Key Iran Nuclear Enrichment Site Of Natanz Shows No Sign Of Breach
The UN atomic watchdog reports no indication of increased radiation levels at Iran's main uranium-enrichment site, Natanz, after Israel's strikes.

The United Nations atomic watchdog said there’s no indication of increased radiation levels at Iran’s main uranium-enrichment site, an early sign that Israel’s strikes haven’t penetrated the containment layers protecting the Islamic Republic’s nuclear stockpile.
Iranian authorities told the International Atomic Energy Agency they haven’t observed higher radiation doses at the Natanz facility, located about 300 kilometers (186 miles) south of Tehran. No radiological or chemical contamination has spread beyond the site, according to the Atomic Energy Organization of Iran, cited by the Tasmin news agency.
Israel hasn’t carried out raids against Iran’s Bushehr nuclear power plant on the shore of the Persian Gulf, the authorities said. Neither Iran’s heavily-protected enrichment site at Fordow, 200 kilometers south of Tehran, or its uranium-conversion facility, 400 kilometers south of the capital, were hit, IAEA Director General Rafael Mariano Grossi said in a statement.
Israel’s Prime Minister Benjamin Netanyahu has said the attacks “will continue for as many days as it takes to remove this threat.”
Only the strongest conventional munitions are capable of penetrating Iran’s enrichment sites. The Natanz facility was built more than 40 meters (131 feet) underground and is protected by a steel and concrete shell, which researchers estimate to be some 8 meters thick. Similarly in Fordow, the enrichment hall is built into the side of a mountain. After a recent visit, Grossi estimated the hall is a half kilometer below the surface.

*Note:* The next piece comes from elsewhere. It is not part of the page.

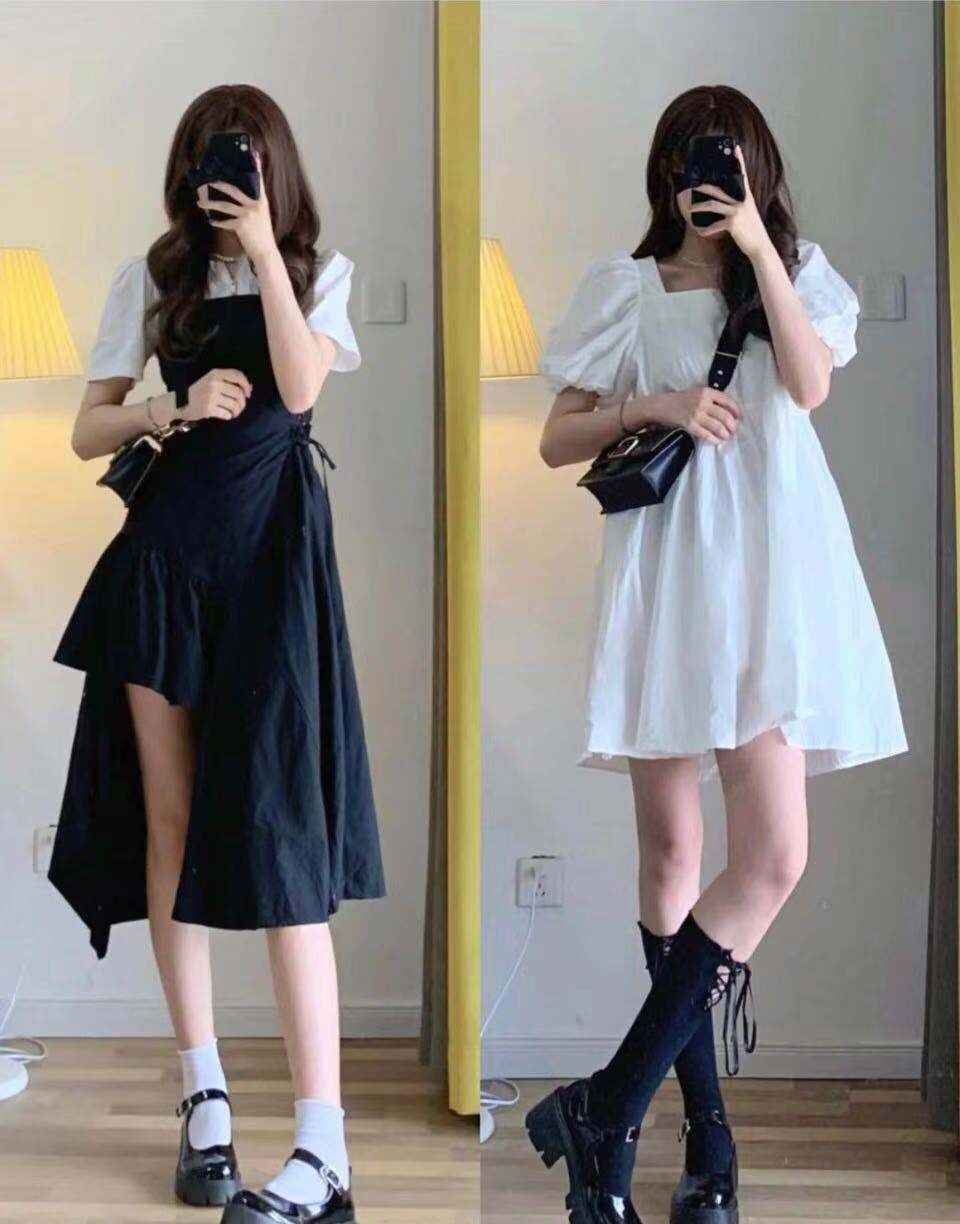 黑白色连衣裙最简约,也最时尚。看起来像假两件设计,上身像T恤,年轻又休闲,但不规则裙摆打破了单调感。

Addressing the agency’s board of governors in Vienna, which convened this week to discuss Iran’s nuclear work, Grossi said he’s “deeply concerned” by Israel’s military action. The attack breaches international legal norms, Grossi said, urging “maximum restraint” by both countries.

“Nuclear facilities must never be attacked, regardless of the context or circumstances, as it could harm both people and the environment,” Grossi told the IAEA’s board of governors on Friday, in his first detailed assessment of the attacks. “Such attacks have serious implications for nuclear safety, security and safeguards, as well as regional and international peace and security.”

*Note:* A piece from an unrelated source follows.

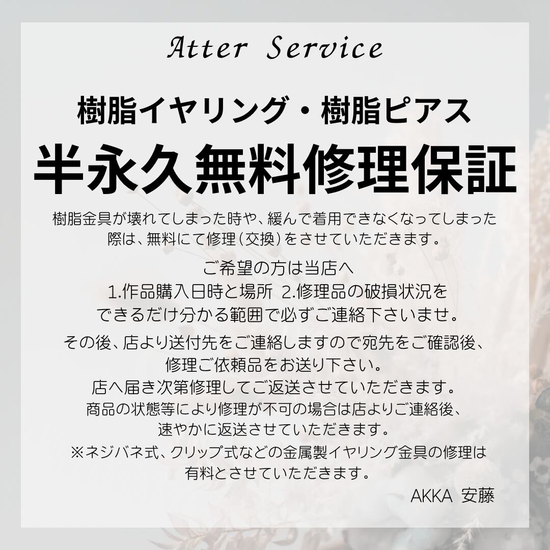 イヤリング金具は樹脂なので金属アレルギーの方にもお使いいただけます。

There are still plentiful above-ground targets including power lines, transformers, labs and testing facilities. Choking off the flow of electricity is likely to have already forced Iran to begin the procedure of bringing centrifuges to a halt — that process to stop the machines, which spin at supersonic speeds to separate uranium isotopes, can take days.

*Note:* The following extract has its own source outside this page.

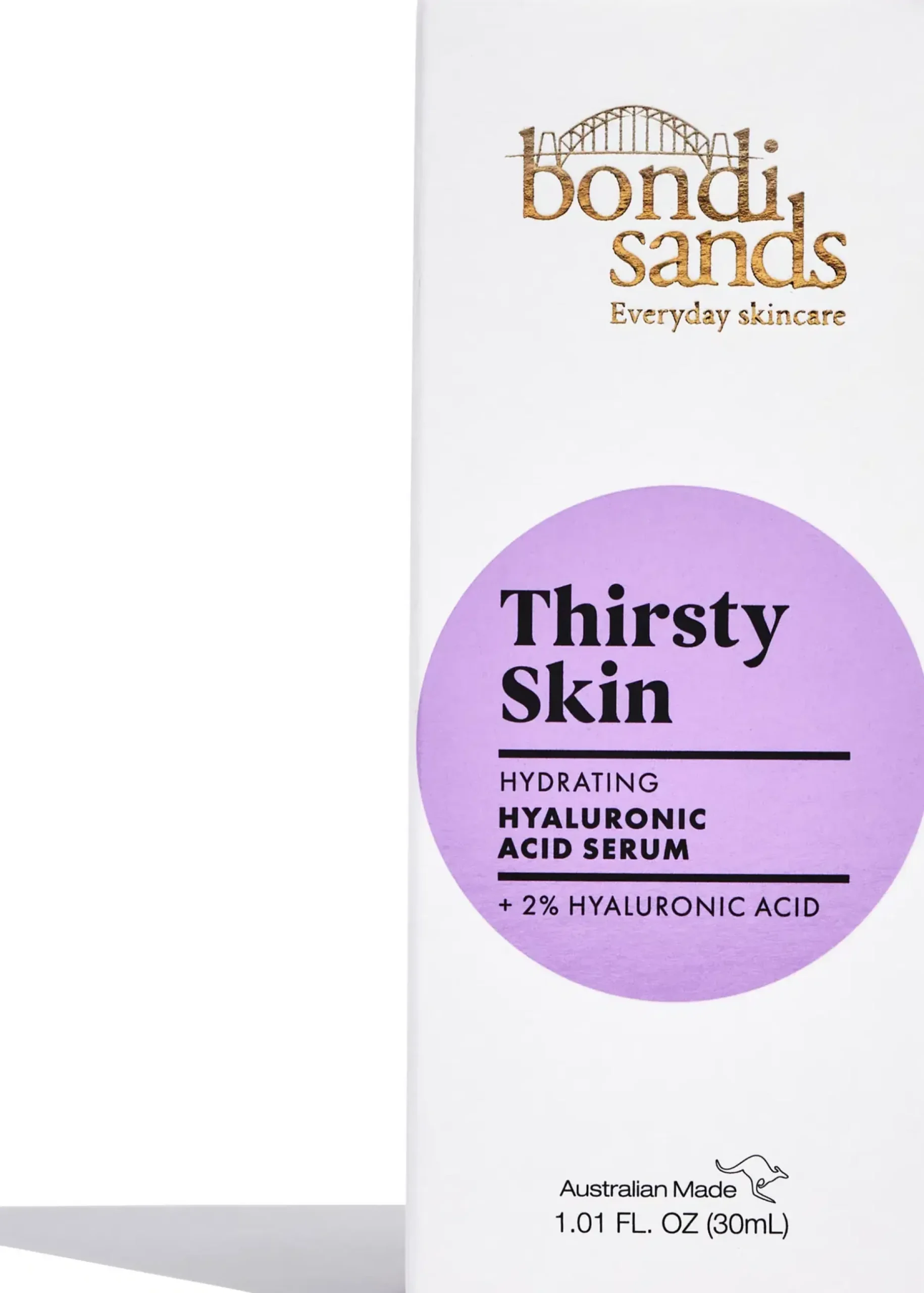 Sammuta ihosi jano Bondi Sandsin kosteuttavan Hyaluronic Acid Serum Thirsty Skin -seerumin avulla. Hyaluronihappoa, levää ja hibiskuksen kukkaa sisältävä seerumi kosteuttaa ihoa tehokkaasti ja auttaa ylläpitämään kosteutta. Lopputulos? Täyteläinen ja raikas iho.

The IAEA said in a statement that its inspectors are still in the country, and it’s in touch with Iranian authorities about potential radiation releases. Iran warned the agency in a May 22 diplomatic note that it would take “special measures” to protect its stockpile of nuclear material in the event of an Israeli strike.
Last year, the agency conducted more than 400 inspections in Iran, keeping track of the Islamic Republic’s uranium stockpile to gram levels.